SAR benefits of relaxing homogeneity constraints. a) Average global SAR and actual excited profile using RF shimming for various transmit coils configurations at 7T magnetic field strength. The case of uniform concentric profiles considered elsewhere in this work is compared against two smoother target excitation profiles: a bi-dimensional Gaussian curve of amplitude one in the center of the FOV and a bi-dimensional quadratic function with amplitude decreasing from one at the edges to zero in the center. b) Average global SAR and actual excited profile using RF shimming for varying degrees of regularization with a 12-element transmit array at 7T. By increasing the tolerance of the SVD-based inversion in Eq. 23, we can loosen the constraint on profile fidelity in order to improve SAR. SVD tolerance (i.e. the threshold for the smallest singular value considered nonzero and included in the inversion) increases from 10−17 to 10−14 to 10−11 from left to right, and the resulting SAR values for RF shimming are shown above the resulting excited profiles. The radius of the modeled homogeneous sphere is 15 cm for both (a) and (b). The quantities reported are relative measures of SAR and are normalized to the case with the lowest SAR value in (a), which is indicated with an asterisk in the figure.

In order to improve SAR performance, one might also conceive of relaxing the strict constraint of least-squares adherence to the target excitation profile, since in many applications one might well be willing to settle for an approximate match to the target in exchange for improved SAR. This may be accomplished by introducing some degree of regularization into the pseudoinverse of Eq. [34]. Figure 6b shows that when the tolerance of SVD-based inversion (i.e. the smallest singular value considered non-zero) is increased, the resulting global SAR for RF shimming (normalized to the same case as in Figure 6a) becomes smaller, while the shape of the actual excited profile deviates more and more from the desired profile.

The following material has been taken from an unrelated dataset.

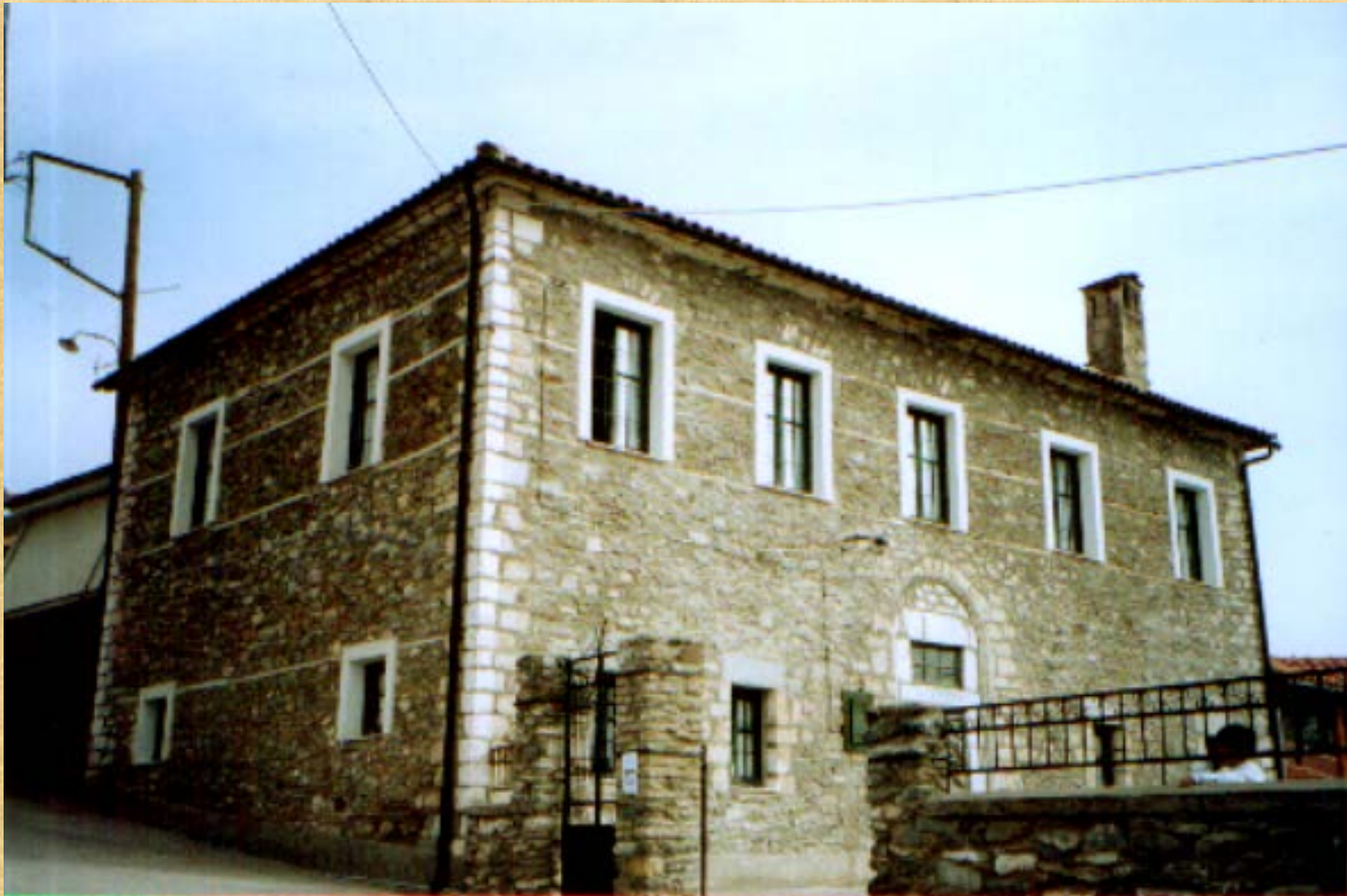
GREEK SCHOOL OF AGIA

Dependency of ξ̃ultimate upon acceleration factor is plotted in Figure 7 for parallel excitations at various magnetic field strengths and for different sample sizes, in the case of a homogenous target excitation profile uniform throughout the FOV (leftmost diagram in Figure 1). Ultimate SAR is generally higher for larger accelerations, although the pattern of growth depends on the size of the sample. The smaller the sphere, the more the SAR growth flattens with increasing acceleration.

Figure 7.

Figure 7

Ultimate intrinsic average global SAR for parallel excitations along a transverse FOV through the center of a homogeneous sphere, as a function of the acceleration factor. Each plot refers to a different size of the modeled sphere and shows the behavior for different values of the main magnetic field strength. A uniform, fully homogeneous concentric excitation profile with radius equal to the radius of the sphere was used in all cases.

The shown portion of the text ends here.